Article on Edward Irvine as Chalmers' Assistant
No figure in the early part of the nineteenth century
illustrates the exuberant excitement and interest in prophecy more than Edward
Irving. In his meteoric career both the attractions and weaknesses of the
millennial movement are magnified. Irving's first recommendation to the public
came when he was accorded the opportunity to minister as an assistant to the
great Thomas Chalmers, the most celebrated preacher in the whole of
In his fascinating biography of Irving, Arnold Dallimore gives this striking comparison of the two men: Chalmers was the Christian statesman. Though his heart was ever evangelically warm, his mind was often absorbed with the problems of applying Christianity on a nationwide scale, and he could appear occupied and reserved. Irving, however, was uninhibited and open, and his nature had in it much that was childlike and uncomplicated. Chalmers' natural bent was for the solid, steady, well-proved things of life, whereas Irving had a flair for the spectacular, the sensational, and that which provoked excitement. The older man was calm and cautious and came to decisions only after careful consideration. But Irving was often moved by impulse and soaring imagination and high idealism that could overrule for him the dictates of logic and reason.

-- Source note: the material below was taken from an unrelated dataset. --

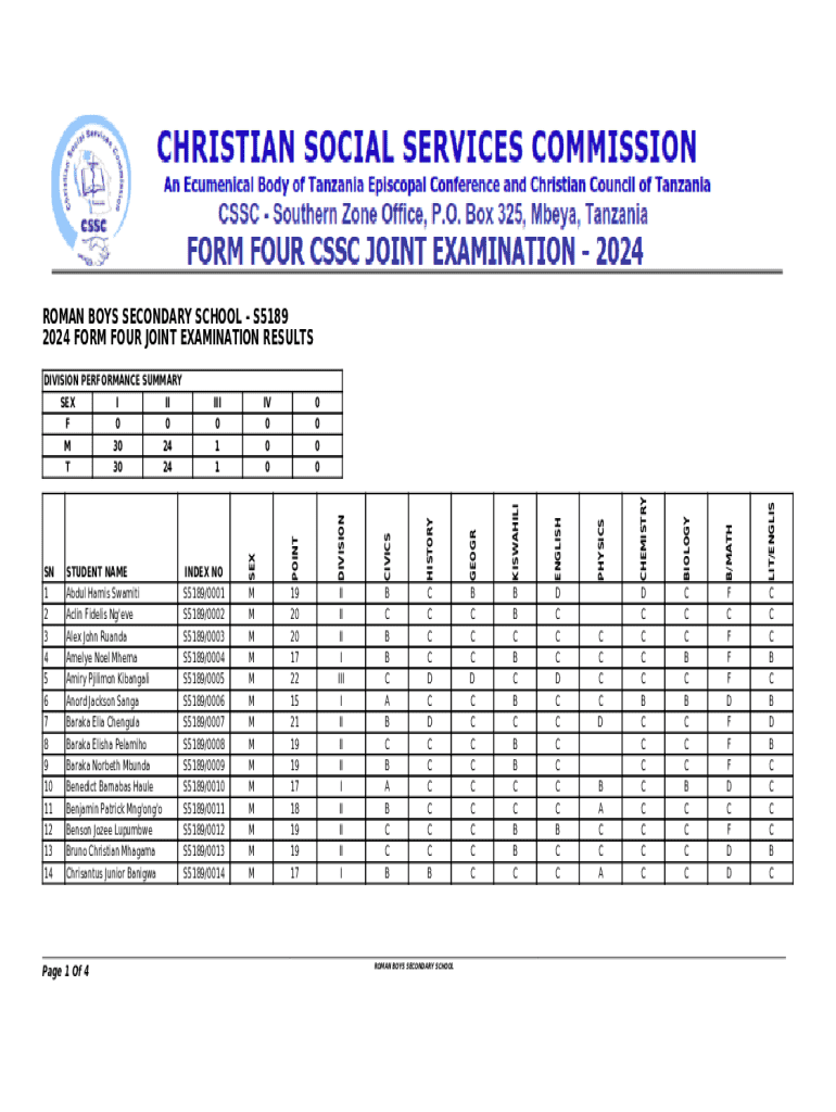 ROMAN BOYS SECONDARY SCHOOL S5189 2024 FORM FOUR JOINT EXAMINATION RESULTS Page 1 Of 4C C C C D C D C C C C C C BB C C C D C C C C C C C C CB B C B C B C B B C C B CD C C C D C C C C C C B CC ROMAN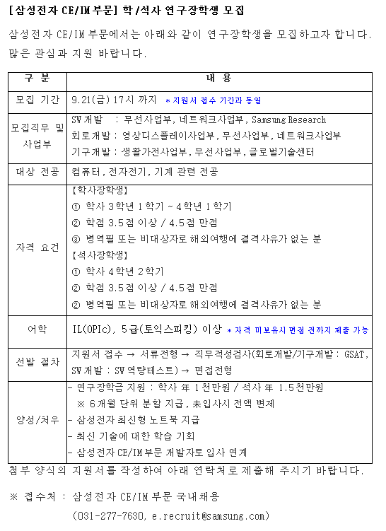 [삼성전자 CE/IM부문] 18년 하반기 학/석사 연구장학생 모집 안내

Chalmers was also highly perceptive in his assessments of men. In that regard Irving was markedly different, for in the openness and generosity of his nature he could readily give ear to those who seemed likely to satisfy his penchant for things spectacular and exciting. It is not difficult to understand, then, why this relationship did not continue long. Chalmers was frequently concerned that Irving might do or say something erratic, and Irving did not like standing in Chalmers' shadow. His mind was teeming with ideas, his brilliance as an orator demanded a broader scope for its expression, and his free spirit yearned for an opportunity to give vent to itself. This opportunity came when the Chalcedonian Chapel in London extended him a call to become their minister. After his arrival in London in 1822, his eloquence made him an overnight sensation; and his chapel was crowded every Sunday with the highborn and influential.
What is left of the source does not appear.